Die Klägerin Ziffer 2 hat vorliegend eine HWS-Distorsion, eine BWS-Prellung sowie eine Handgelenksprellung links erlitten. Sie war vom 30.06.2008 bis zum 05.07.2008 arbeitsunfähig. Nach dem Ergebnis der Beweisaufnahme steht zur Überzeugung des Gerichts ferner fest, dass die Klägerin Ziffer 2 auch über diese eine Woche hinaus an erheblichen Beschwerden gelitten und lediglich aufgrund der besonderen Situation am Arbeitsplatz darauf verzichtet hat, sich weiter krankschreiben zu lassen. Die Klägerin Ziffer 2 ist drei bis vier Wochen stärker beeinträchtigt gewesen; endgültig sind die Beschwerden erst nach 2 Monaten verschwunden. Dies hat nicht nur die Klägerin Ziffer 2 in ihrer persönlichen Anhörung in der mündlichen Verhandlung vom 02.02.2009 ausgesagt, sondern wurde auch durch die glaubhafte Zeugenaussage ihrer Mutter, der X., bestätigt. Spätfolgen der Verletzungen, die inzwischen vollständig ausgeheilt sind, sind allerdings nicht zu erwarten.
In der neueren Rechtsprechung werden bei HWS-Distorsionen mit Beeinträchtigungen von ca. 4 Wochen in den meisten Fällen Schmerzensgeldsbeträge unter oder bis zu € 600,00 zuerkannt. Unter Berücksichtigung der vorgenannten Umstände schließt sich das erkennende Gericht dieser Rechtsprechung an und spricht ein Schmerzensgeld Höhe von insgesamt 600,00 € zu.
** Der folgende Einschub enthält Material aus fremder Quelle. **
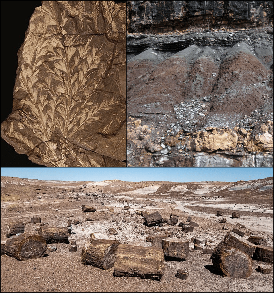 Bottom: Fossil stumps of Triassic trees at Petrified Forest National Park in Arizona. Image by Alexander Hatley, CC BY 2.0

Nach § 249 Abs. 1, Abs. 2 S. 1 BGB sind der Klägerin Ziffer 2 weiter diejenigen adäquat verursachten Rechtsverfolgungskosten in Form vorprozessualer, nicht anrechenbarer Anwaltskosten zu ersetzen, die aus Sicht des Schadensersatzgläubigers zur Wahrnehmung und Durchsetzung seiner Rechte erforderlich und zweckmäßig waren. Als erforderlich sind die nach dem Urteil begründeten Forderungen anzusehen. Deshalb sind hinsichtlich des Schmerzensgeldes nur die zugesprochenen 600,00 € anzusetzen. Ausgehend von einer – nicht bestrittenen – 1,5-fachen Geschäftsgebühr nach Nr. 2300 W RVG aus einem Gegenstandswert von 600,00 € und der Pauschale nach Nr. 7002 W RVG in Höhe von 13,50 € ergeben sich vorliegend inklusive Mehrwertsteuer insgesamt 96,39 €.
Soweit das AG Lörrach.
Die Begründung zur Anwendbarkeit der Schwacke-Liste überzeugt. Ebenso bemerkenswert ist die Begründung des Amtsrichters zur Ablehnung der Erhebungen des Fraunhofer-Institutes. Der Süden der Republik scheint daher fest in „Schwacke-Hand“.